Quando invece non sei il mittente, ma il destinatario di una lettera raccomandata, non ti è dato sapere né quando arriverà, né tantomeno chi te la manda. Solo nel momento in cui il portalettere suona al citofono e ti comunica che “C’è da firmare una raccomandata” vieni effettivamente a conoscenza del mittente e del contenuto della missiva. Apriamo una piccola parentesi per ricordarti che a ritirare la raccomandata può essere non solo il destinatario dell'atto, ma anche un qualsiasi membro della tua famiglia (tua moglie o tuo figlio), un collaboratore della tua azienda (ad es. la segretaria), il portiere dello stabile e perfino il tuo vicino di casa, purché naturalmente accetti di ricevere l'atto e firmi la ricevuta.

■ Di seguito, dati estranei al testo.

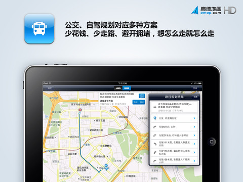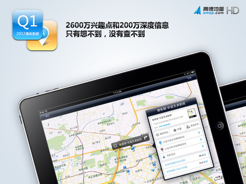 重磅推新: 本次发布的“高德地图HD版”完全适配ios6,3D地图场景逼真细节出色且运行速度飞快,超级炫酷,使看地图成为好玩的全新体验。“个人交通台”全面优化升级,智能动态导航让导航功能如虎添翼,一旦使用,保证你爱不释手。 “抢团购”每天更新5万多条优惠信息,衣食住行吃喝玩乐全包,实惠省钱天天有。高德地图1.0,0版,领先的地图导航功能、极大丰富的生活服务信息,不但是最好的ipad地图,更是完美的生活出行助手!
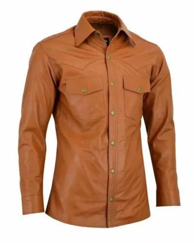 Новая мужская рубашка песочного цвета из натуральной овчины, оригинальная кожа, ручная работа, стильная байкерская мотоциклетная
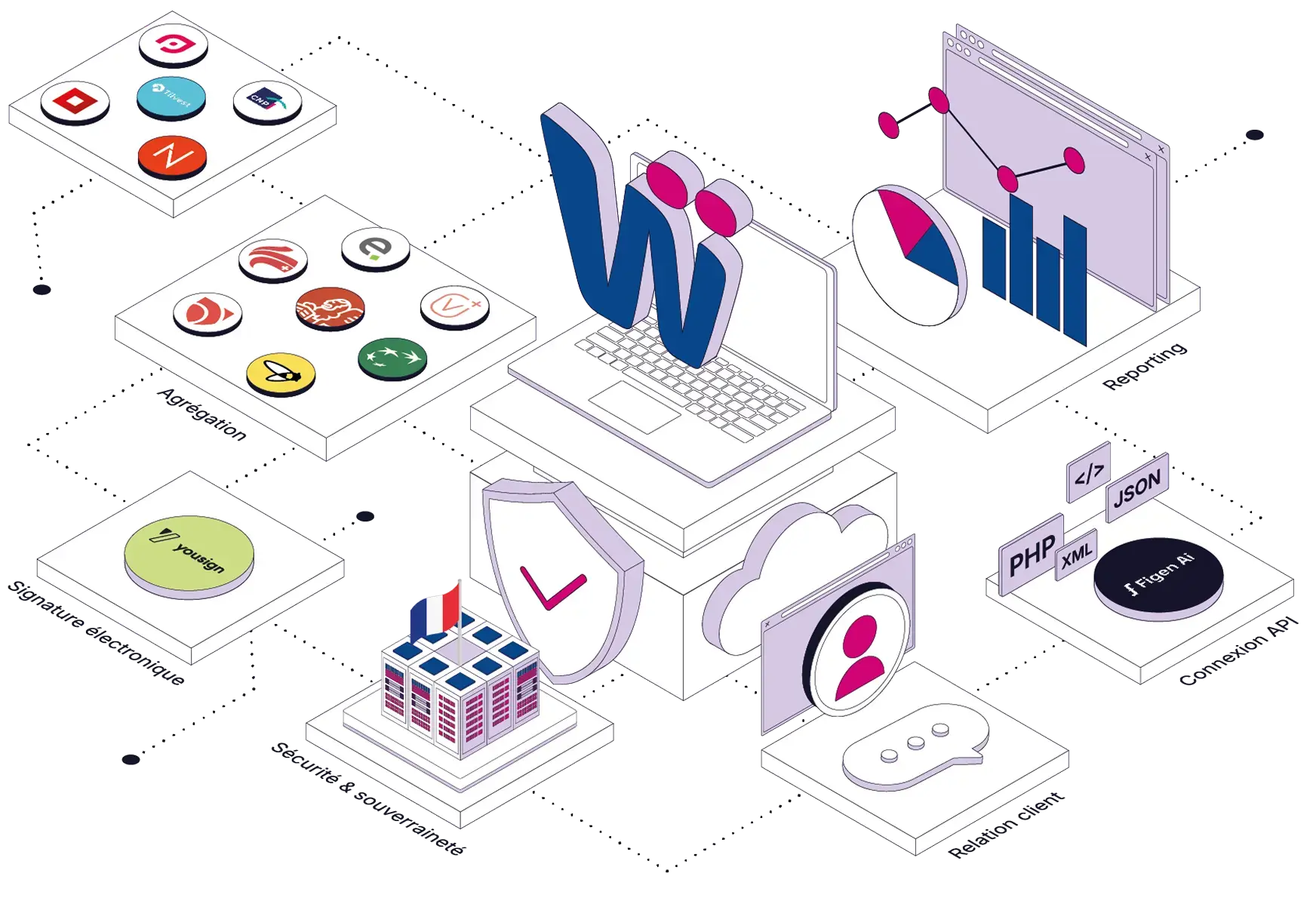 Voyez Wizio comme la colonne vertébrale de votre activité patrimoniale. Son architecture modulaire et interopérable permet de connecter facilement des outils internes ou externes via API et de structurer un écosystème sur mesure. Déployée en marque blanche, la plateforme s’adapte à chaque organisation et accompagne sa croissance. Le modèle tout inclus apporte une visibilité totale sur les coûts, sans surprise en fin de mois, et permet de réaliser en moyenne 50 % d’économies par rapport à des solutions fragmentées, tout en gagnant en agilité et en scalabilité.
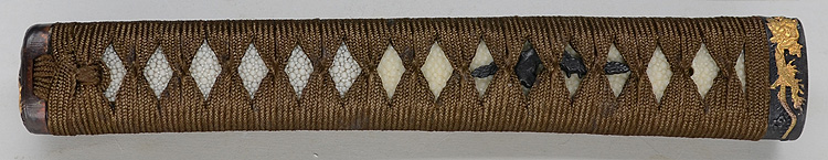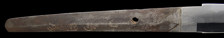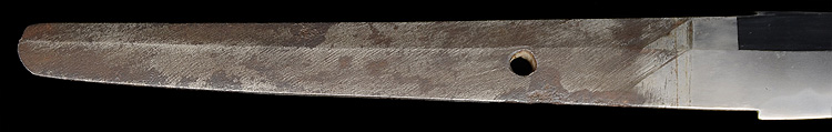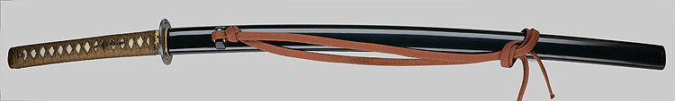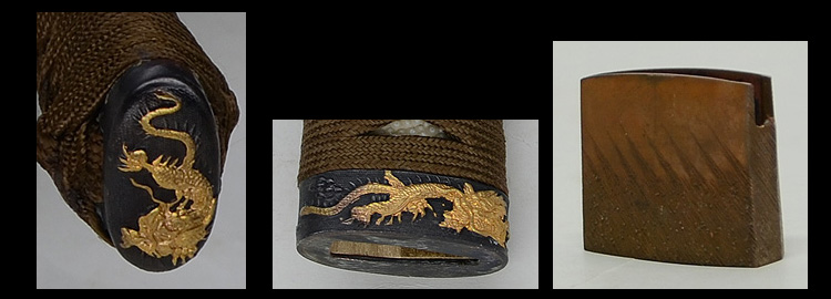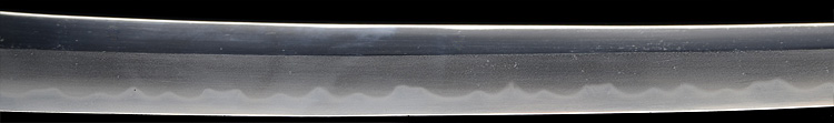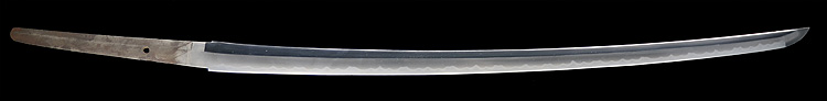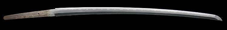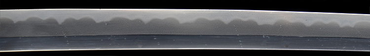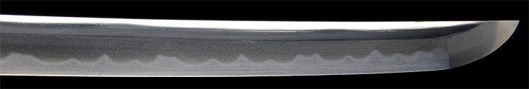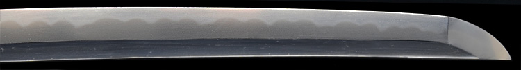 本造り庵棟 うぶ茎 小板目肌よく詰み、地沸厚くつく。細かな地景顕われ淡く白気風の映り立つ。刃紋は尖り互の目、三本杉風に乱れる。匂い口ややフックラと小沸つく。僅かに足、葉働き、僅かに金筋、砂流しかかり明るく冴える。関。本名は小島勇三。戦後の作刀を見ない。黒呂塗鞘打刀拵入り。
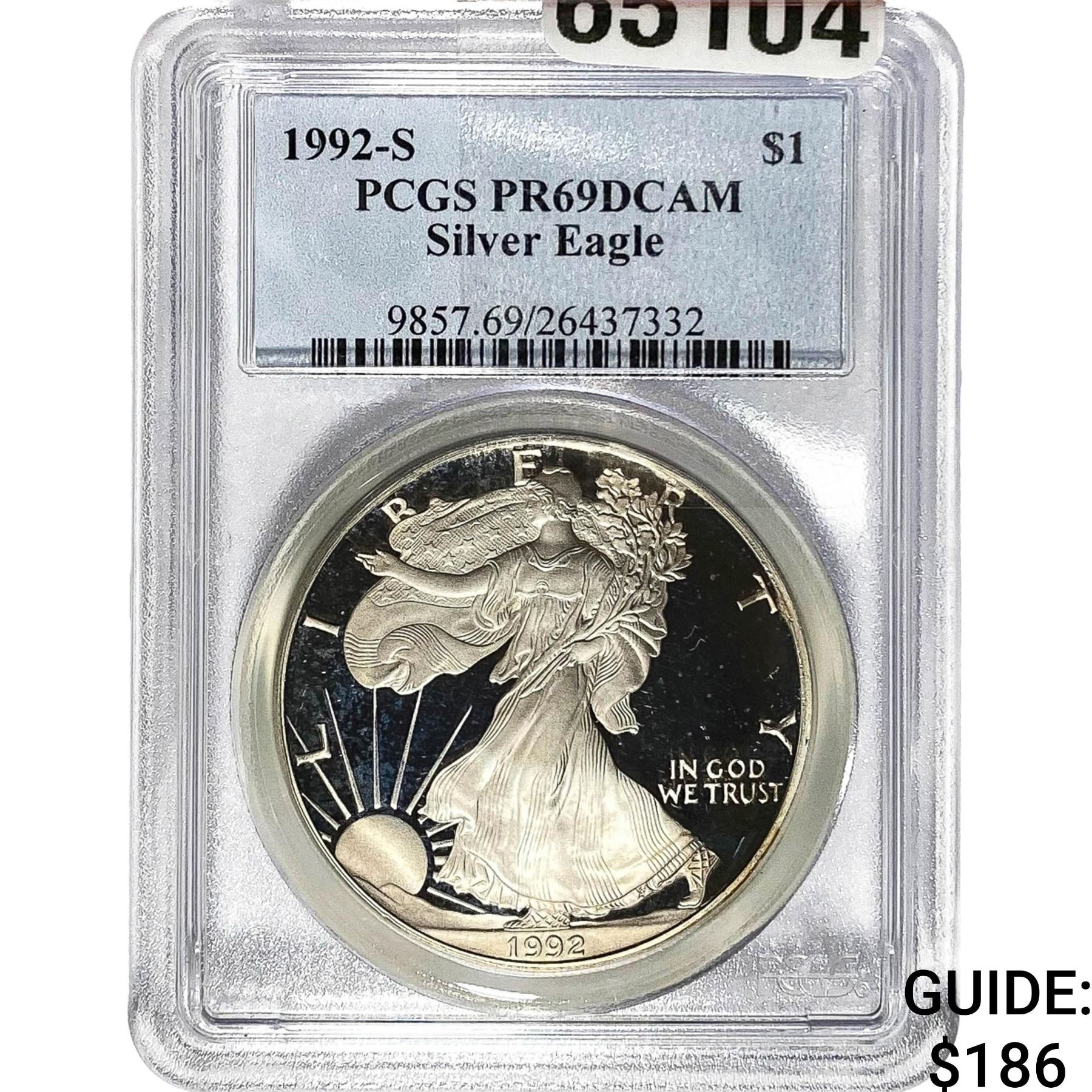 1992-S $1 Silver Eagle PCGS PR69 DCAM
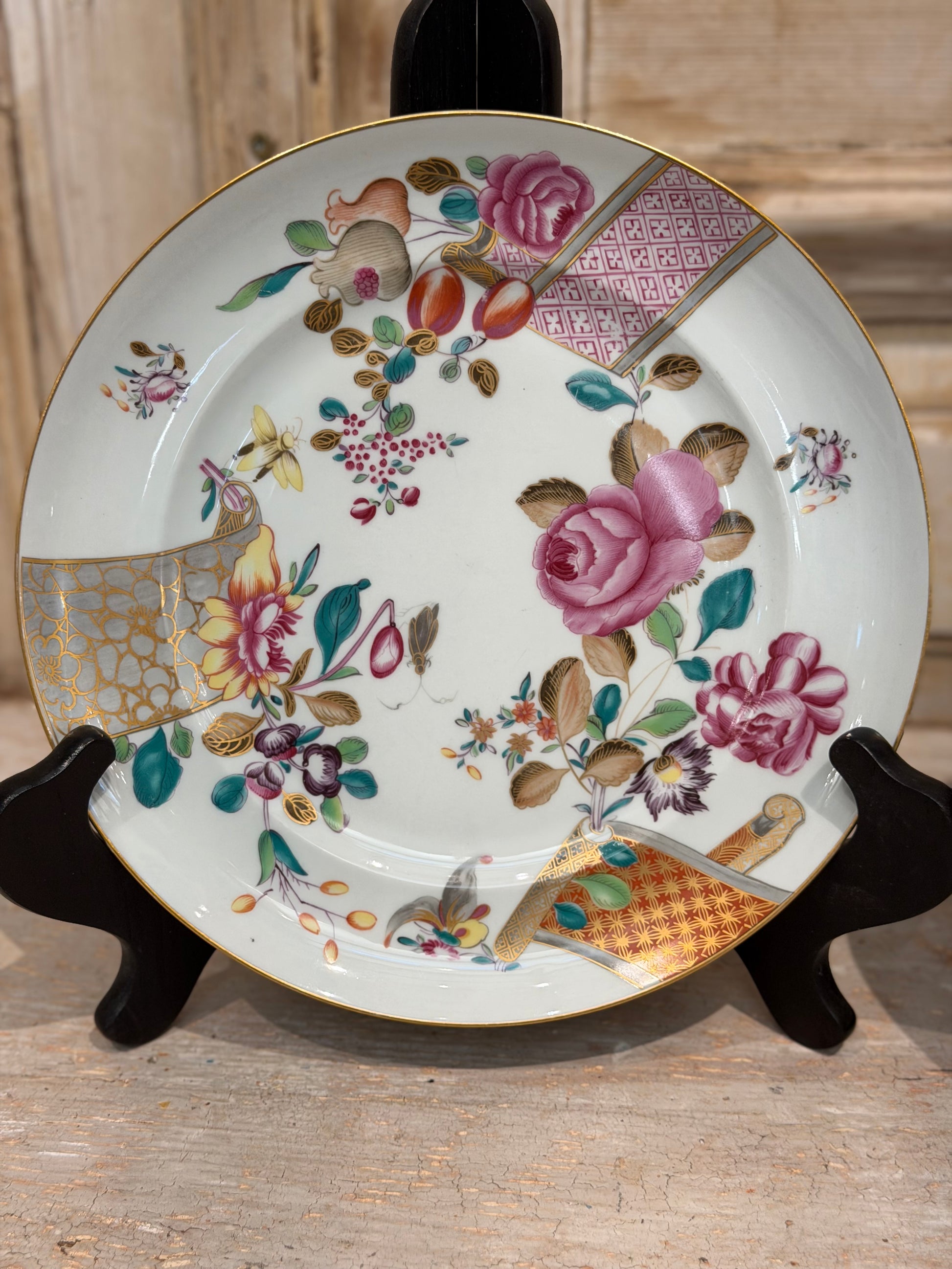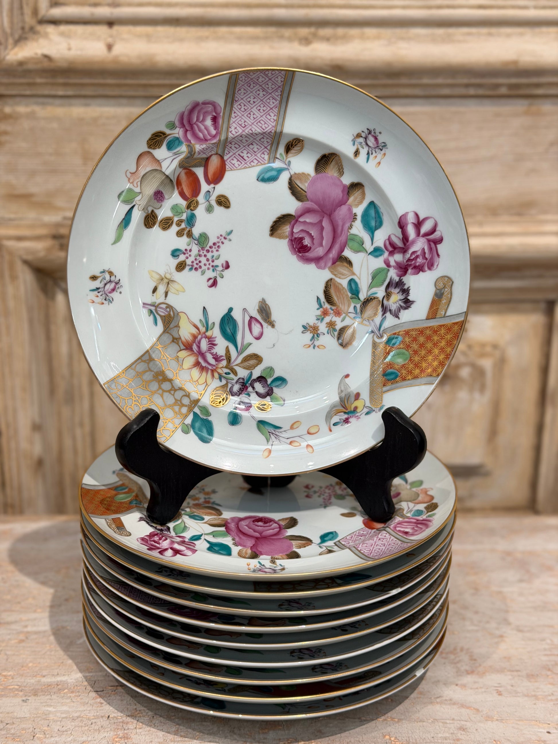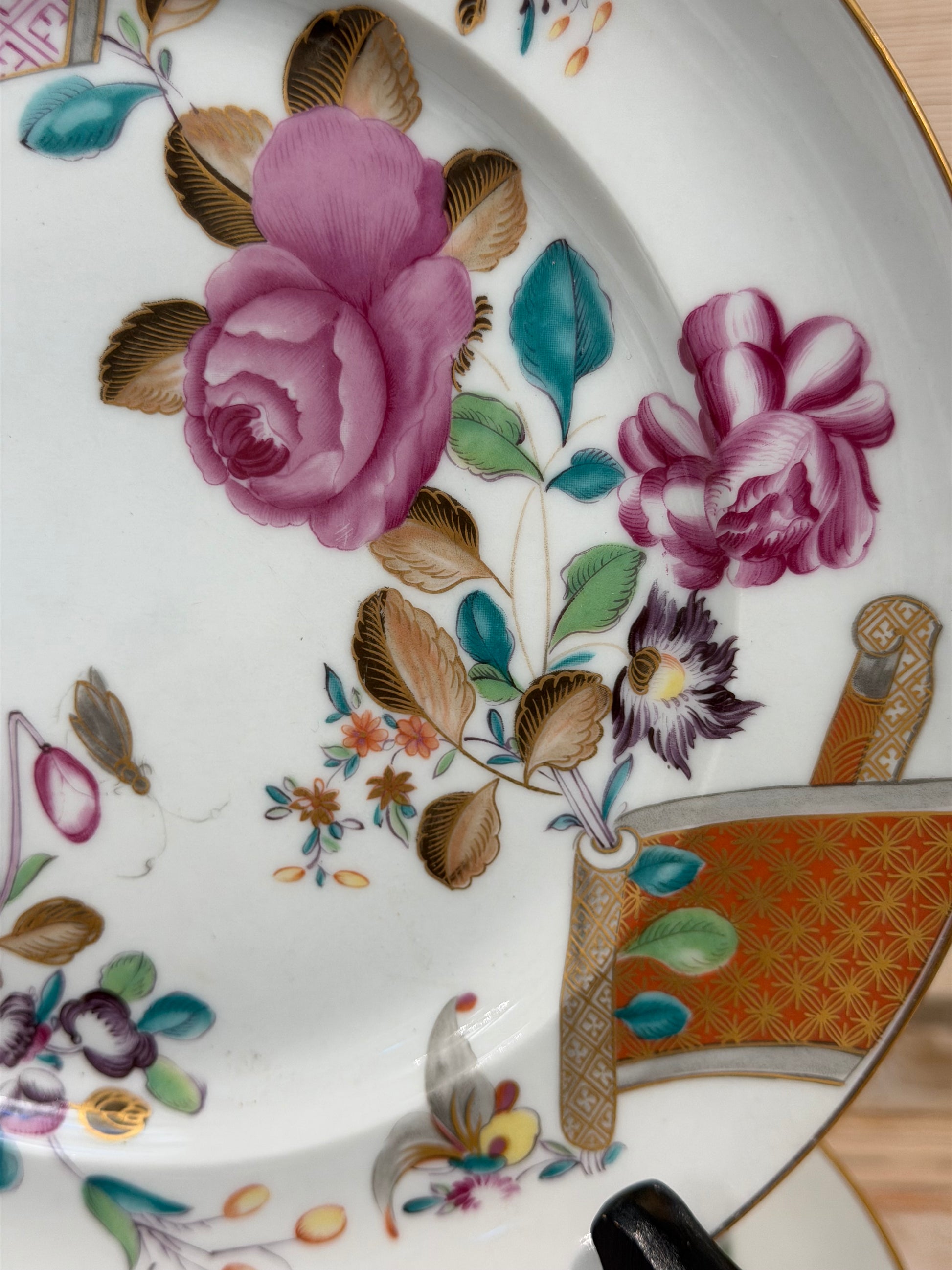 This pattern is celebrated for its soft celadon green ground, hand-painted florals in rose, plum, and teal, and refined gilded accents. The palette is sophisticated yet warm, lending itself equally to formal dining rooms, English country house interiors, and layered tablescapes with white ironstone.

Cosa accade, però, se ti rifiuti di aprire al portalettere o se non sei presente in casa quando arriva il postino con la raccomandata? L’impiegato postale, in questi casi, lascia nella cassetta delle lettere un avviso cartaceo, il quale ti informa che è arrivata una comunicazione tramite raccomandata per te e che puoi ritirarla presso il deposito dell’Ufficio Postale presente nel tuo territorio. Questo talloncino cartaceo si chiama avviso di giacenza. Nei paragrafi che seguono capirai come è possibile capire da chi proviene e cosa contiene la raccomandata, ancor prima di ritirarla presso l’Ufficio Postale.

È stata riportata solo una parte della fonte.